We performed sequencing analyses on a subset of the UNC breast tumors analyzed by microarray for EGFR mutations
The ratio of the rate of non synonymous to synonymous change, dNdS, for a gene provides one measure to detect such selection pressure. following website We compared the dNdS for GWAS and drug target genes using human mouse and human chimp data from H invDB and found both are under stronger selection than all genes. We found HGMD genes also exhibit nega tive Enzastaurin CAS selection in recent history. The selection against variants in drug target genes is slightly stronger than that against variants in GWAS reported genes for dNdS calculated using human chimp orthologs, suggesting the selleckchem PKC inhibitor selection is stronger for drug targets in recent history. These three fea tures capture the enrichment information from the ana lysis above, but there are some subtle relationships not included. The problem of identifying drug targets based on their relationship to GWAS genes is similar to the problem of finding missing relationships in social net work analysis. We therefore also use common friends with GWAS genes, a widely used feature in the social network machine learning field. The common neighbor feature is defined as the proportion of neigh bors shared by two genes In which NA is the set of Neighbors for gene A, NB is the set of Neighbors for gene B. The total number of features for each gene is 3N, where N is the number of GWAS genes for that disease that are mapped to the protein network. Since the num ber of drug targets for a disease is very small compared to the total number of genes in the FI network, the training set is highly unbalanced if we use the latter as the true negative set.
To address this issue, we focus on the 932 existing drug targets in Drug bank that are also in the FI network, and thus restrict the task to identifying targets for existing drugs that can potentially be repurposed to treat other diseases. Repur posing is an attractive goal, since such use is much easier than developing a new drug from scratch.

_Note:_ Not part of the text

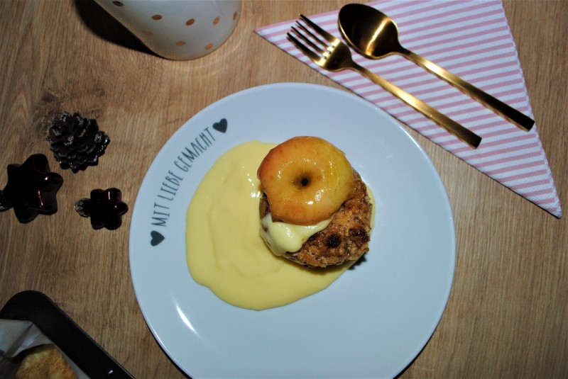 - Bratäpfel mit Vanillesauce servieren. Kleiner Tipp: Wer möchte gibt kurz vor dem Servieren noch einen Klecks Mascarpone oben drauf.
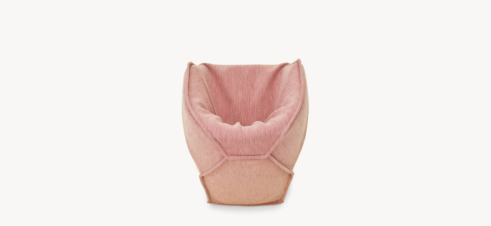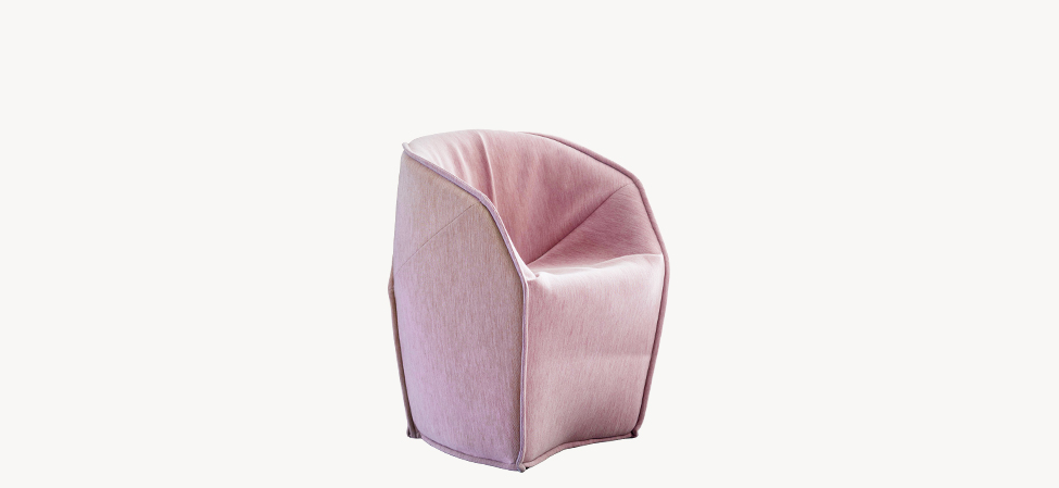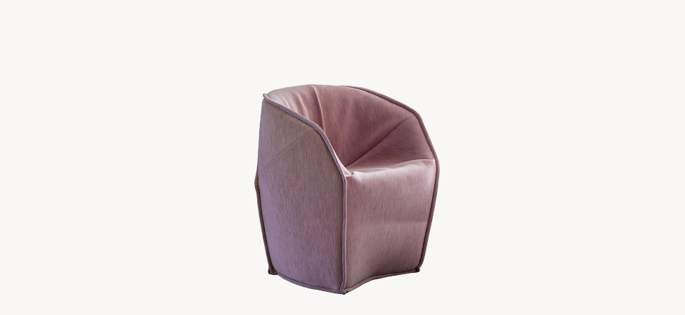 Blocchi smussati dal taglio di una lama immaginaria. L’ordine geometrico è rotto, travolto a favore di un movimento, di un margine che attraversa i perimetri. Le facce rendono evidente la nervatura; alcune cuciture, evidenti come imbastiture, la disegnano, altre scompaiono. L’utilizzo è libero, la superficie morbida. La forma esterna, dal punto di vista dei volumi, appare indipendente dalla struttura e dall’imbottitura interna. Divano, poltrona, poltroncina: un sistema componibile dove ogni elemento mantiene indipendente il carattere, per funzione e presenza scultorea.

We include the 30 diseases with at least 10 approved drug targets and 10 GWAS genes in the FI network. We tested four machine learning methods using the WEKA software package a SVM with a polynomial kernel, a SVM with a RBF kernel, a Na ve Bayes Network, and Random Forests. Among these the best result is achieved by a Random forest. The best case is Kawasaki disease, with a true positive rate of 70% and a false positive rate of 2. 7%. Potential new drug targets for drug repurposing The false positive drug targets are drug targets for other diseases which have very similar network proper ties to those of the disease under study. These may indeed be mistakes made by the classifier. However, some of these false positive drug targets may be good candidates for repurposing, not previously identified. For example, C1QB and C1QC are the highest scoring proteins in the false positive list for the best case, Kawa saki disease, These are subcomponents of complement C1Q.